The current iteration of the app is built on:

Next.js
Prisma ORM
OpenAI
Stability.ai
The Vercel AI SDK

Lessons Learned

No consistent characters

Dall-E and Stable Diffusion are great at generating a single, hi-res image based on a text prompt. But ask either of them to generate a red-speckled fish in a bowl and a red-speckled fish in the ocean, and you'll get two very different fish even with the same prompt.
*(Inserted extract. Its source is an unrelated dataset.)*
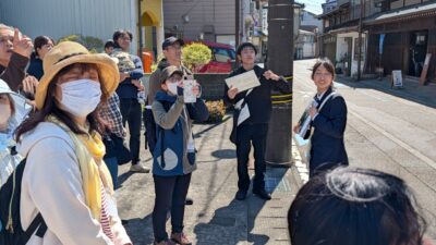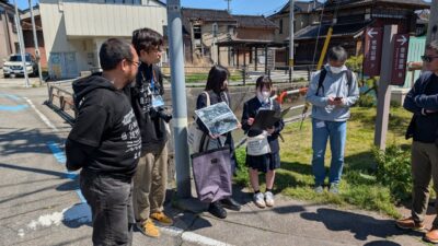 建物フェスではガイドツアーのガイドとして、中滑川から宮崎酒造までの歴史や建物を1時間かけて紹介しました。

Getting consistent character imagery is very tricky with the current state of AI APIs; so for now I$#39;m only generating a single image.

Varying rate limits and pricing

I initially was generating images with the OpenAI API (which uses Dall-E, their text-to-image model), and getting very nice cartoon-like images quite easily. I quickly ran into rate limits though, and I realized after looking it up that it can only handle five images per minute (!) - not ideal for an app that more than one person is using!

So I quickly switched to stable diffusion. Stability's rate limits are much more reasonable, and for a modest fee. In addition their image generation capabilities are amazing.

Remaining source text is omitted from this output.